Persistent Memory: The Ultimate Guide

Computer memory has come a long way over the past few decades. Early computers had to store information in volatile memory locations, so they could not retain data when the computer was shut down or restarted. As a result, programs had to be written so they would not make permanent changes to memory locations. It was almost impossible for users to launch new programs without restarting their computers. The first non-volatile computer memory was invented in the 1950s and is now known as "read-only memory" (ROM). But with the advent of persistent memory, we are seeing major advancements in how computers store information. This article covers everything you need to know about persistent memory and where it fits into today's industry-standard architectures.

What is Persistent Memory?

A computer's memory is used to store instructions and data that are in use. A computer's storage is used to store instructions and data that are not in use. In the context of computers, "persistent memory" is a non-volatile memory that acts like storage but uses the same interfaces as dynamic random access memory (DRAM). That is to say, persistent memory extends the capacity of systems beyond traditional DRAM limits. It acts like DRAM in terms of speed and is accessed using the same interfaces as DRAM but is non-volatile, meaning it retains information even when the system is powered off. Persistent memory has been around for a few years, but it is only now available in select enterprise data centres and high-performance computing environments. The next section describes how persistent memory works.

How Does Persistent Memory Work?

Since persistent memory acts like DRAM, it can be used in the same way as DRAM, or it can be used as an extension of DRAM. Here's an example of how it works in a data centre:

● Persistent memory is installed as an extension of DRAM.
● A computer system accesses the persistent memory as if it were DRAM. - The system also accesses DRAM as if it were DRAM.
● The system retains data in the persistent memory when it powers down.

In other words, the system treats the two as the same, which means the system can access both types of memory similarly. When the system powers back on, it can access all of the stored data in the persistent memory.

Reasons to Adopt Persistent Memory

A few compelling reasons businesses should explore the adoption of persistent memory. First, persistent memory is non-volatile, which means that data is retained even when the system is powered off. As a result, the system can access data even when it isn't in use. This can greatly reduce access times and total system downtime. Second, persistent memory has a lower cost per gigabyte than DRAM, which means it can be used in larger capacities. For instance, persistent memory can extend DRAM beyond the system's normal capacity. In other words, if the system has 16 gigabytes of DRAM, it can access 32 gigabytes of persistent memory. Third, persistent memory is read/write, which can be used to store instructions and data. This is an important distinction, as DRAM was traditionally used for instructions and non-volatile memory was used for data. In other words, a computer can store instructions and data in the same memory with persistent memory.

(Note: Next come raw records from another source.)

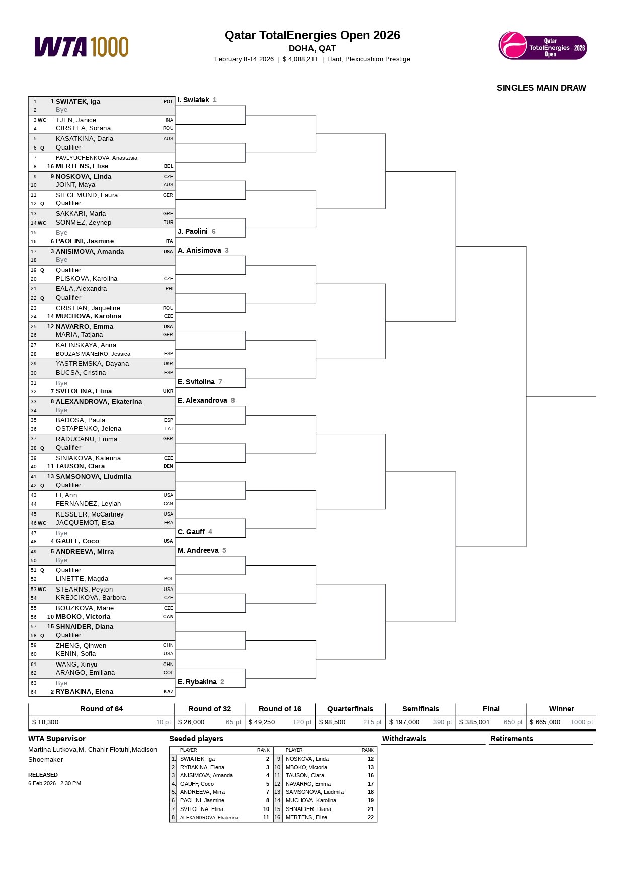 A continuación, el cuadro principal del WTA 1000 Doha 2026: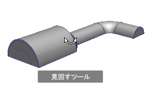 [見回す]コマンドを使用するときは、カーソルをドラッグしてモデルのビューを調節します。ドラッグすると、カーソルが[見回す]カーソルに変わり、モデルが現在のビューの位置の周囲を回転します。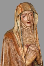 La coppia di Dolenti, di dimensioni superiori al naturale e di elevato impatto emotivo, dovevano in origine affiancare l’immagine del Cristo crocifisso in un complesso scenografico raffigurante il Calvario destinato alla venerazione dei fedeli sul vertice del tramezzo di un importante edificio di culto. Le due sculture trovano delle stringenti concordanze iconografiche con il gruppo di medesimo soggetto della chiesa di Santa Maria di Castello ad Alessandria, assegnato da Raffale Casciaro alla mano di Urbanino da Surso, scultore lombardo con una fitta parentesi operativa anche nel basso Piemonte. I due Dolenti alessandrini presentano infatti posture e atteggiamenti degli arti del tutto analoghi alle nostre figure comparendo, per giunta, sopra ad un basamento intagliato a emulazione di uno sprone roccioso, in grado di evocare la scenografia della loro originaria destinazione (R. Casciaro, La scultura lignea lombarda del Rinascimento, Milano 2000, pp. 248-249, n. 9).

Persistent Memory Use Cases

As noted above, persistent memory can be used to extend the capacity of DRAM. In addition, it can be used to store instructions and data in the same way as DRAM. Here are the top three use cases for persistent memory:

● DRAM Extension - A computer with 16 gigabytes of DRAM can access 32 gigabytes of persistent memory. This allows users to store more data as well as retrieve data more quickly.
● Data Retention - A computer with 16 gigabytes of DRAM can access 32 gigabytes of persistent memory. This allows data to be retained even when the system is powered off.
● Instructions and Data Retention - A computer with 16 gigabytes of DRAM and 32 gigabytes of persistent memory can store both data and instructions in the persistent memory. This allows for faster access to both data and instructions.

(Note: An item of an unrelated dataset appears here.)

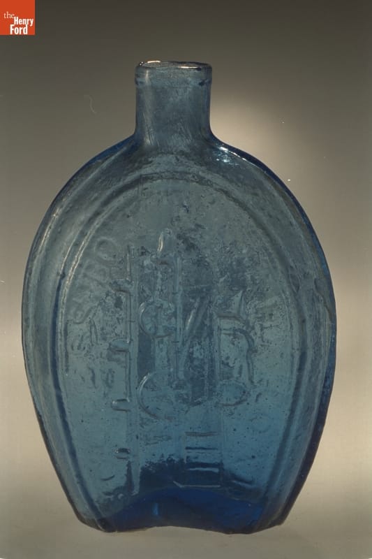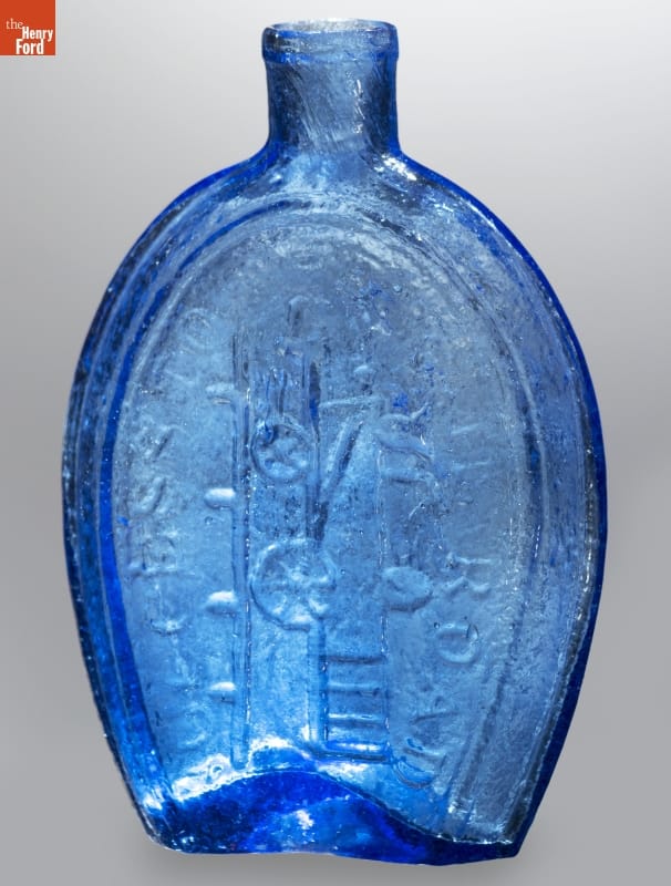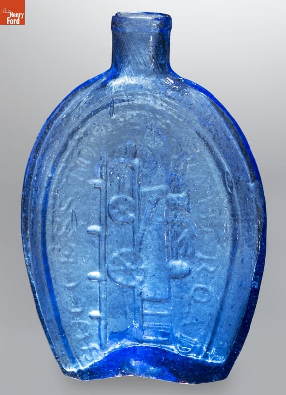 Glass factories in America began producing inexpensive, mold-formed flasks in the early 1800s. These figured flasks, often decorated with symbols of national pride or political or cultural affiliation, appealed to America's common man. Americans' fascination with railroads began in the late 1820s when rail lines began connecting distant communities. This flask depicts a steam engine with the phrase "Success to the Railroad."

Persistent Memory Benefits

As noted above, persistent memory comes with several benefits, including quicker access to data, a reduction in system downtime, a reduction in power usage and the cost per gigabyte. In addition, persistent memory can be used to extend the capacity of DRAM. When used in this way, persistent memory can improve a computer system's overall performance and efficiency.

Conclusion

Computer memory has come a long way over the past few decades. Early computers had to store information in volatile memory locations, which meant they could not retain data when the computer was shut down or restarted. The first non-volatile computer memory was invented in the 1950s and is now known as "read-only memory" (ROM). The next advancement in computer memory came in the 1990s when computer chips were developed to retain data even when the computer was turned off. This technology is now known as "flash memory". With the advent of persistent memory, we are seeing major advancements in how computers store information. Persistent memory extends the capacity of systems beyond traditional DRAM limits, acts like DRAM in terms of speed and is accessed using the same interfaces as DRAM, but is non-volatile, meaning it retains information even when the system is powered off.